The writing quality, the length. So it can be really hard to, to manage that. And this is where we found it's really important to kind of be very clear, uh, in your instructions to people about what you're prioritizing and what your desired behavior is. So another, another, uh, problem we've, we noticed here is, um, sometimes you might sample a bunch of completions.
And maybe kind of all of them are bad and you don't wanna reward any of them. So this is, uh, an example from this, from the same model. Um, so let's say we're chatting with it and we ask it about the most recent, um, John John Wick movie. Um, there's two answers here. And they're, and they're both kind of wrong because they both say John Wick three.
Um, even though John Wick four has come out in the meantime, So the ideal situation here is we, we want the model to basically acknowledge the, that is training data is not most up to date. Um, however, if we, if we pick one of these, we'll basically be rewarding it, you know, either way for, for giving the wrong answer.
So another thing we've kind of built into our r lhf, uh, pipelines, uh, that's originally, uh, an idea from the anthropic r Lhf paper is the idea of editing. So we actually have, uh, A, a function in our labeling software where if you actually don't like any of the options, uh, you can press an edit button. And in this case, you can imagine the person, uh, editing the first, the first answer, and then actually rewriting it, uh, to have the proper response.
And then instead of comparing the original two, um, Completions, we can actually compare the, the edited response, the, the one in the bottom left hand here with, with the one that, uh, is kinda like the source's response. So instead of, uh, telling it to prepare to com to prefer one of these, uh, back completions over the other back completion, we're telling it to prefer the good completion over, um, over one of the bad ones.
Uh, so yeah, I'll mention, uh, briefly like a final kind of, uh, future research direction I'm excited about in, in Rhf. So I kind of mentioned the problem of like all these different things we're having to conflate. So there's actually some recent work from the Allen Institute where they have the labelers, uh, explicitly label explicitly mark in the text, uh, when there's an error intuity.
Um, and you know, when. When things are irrelevant and by actually, uh, specifically indicating these problems, we kind of have a gr more granular data that we can combine in different ways to create a reward single. So you could kind of decide after the fact, uh, how much you want it to penalize, uh, an error and factful.
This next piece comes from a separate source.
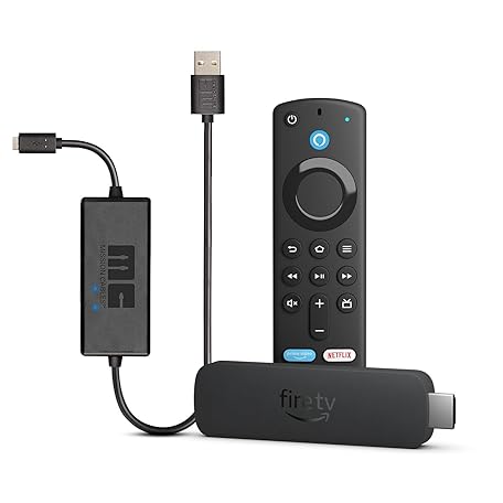 Amazon Fire TV Stick 4K, with support for Wi-Fi 6 and streaming in Dolby Vision/Atmos and HDR10+ and Mission USB power cable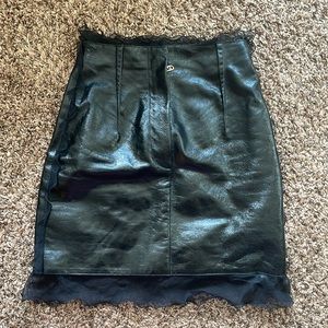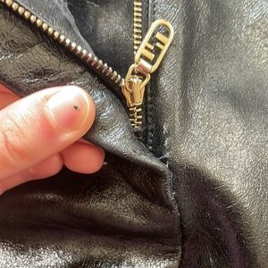 Size 40 Fendi black leather high waisted short skirt. Too small for me, Note a couple stitches ripped trying to get it on, doesn’t affect the way it looks

Um, and, and now you wanted to weigh that against other, other things in the reward model. Um, looks like, um, I'm out of time now, but yeah, I'm happy to, to answer any questions and, uh, I'll be around in the, in the chat later.
Excellent. Thank you so much for this. This is awesome. So I am going to keep us cruising. For anyone that has questions for Andrew, feel free to throw 'em in the chat and learn a little bit more about this. R L H F. I have to think really hard every time I say that, which is not the best sign. But dude, Andrew, thank you so much, man.
Thank you. And it's really cool to see everything that you all are doing at Serge. I know, uh, I said it before, but. I'm a huge fan and I think that, uh, you know what you're doing. It's no small feat. Yeah. Thanks Demetrius. Yeah, I appreciate it. All right, dude. Well, I'll keep it cruising. I'm kicking you off now.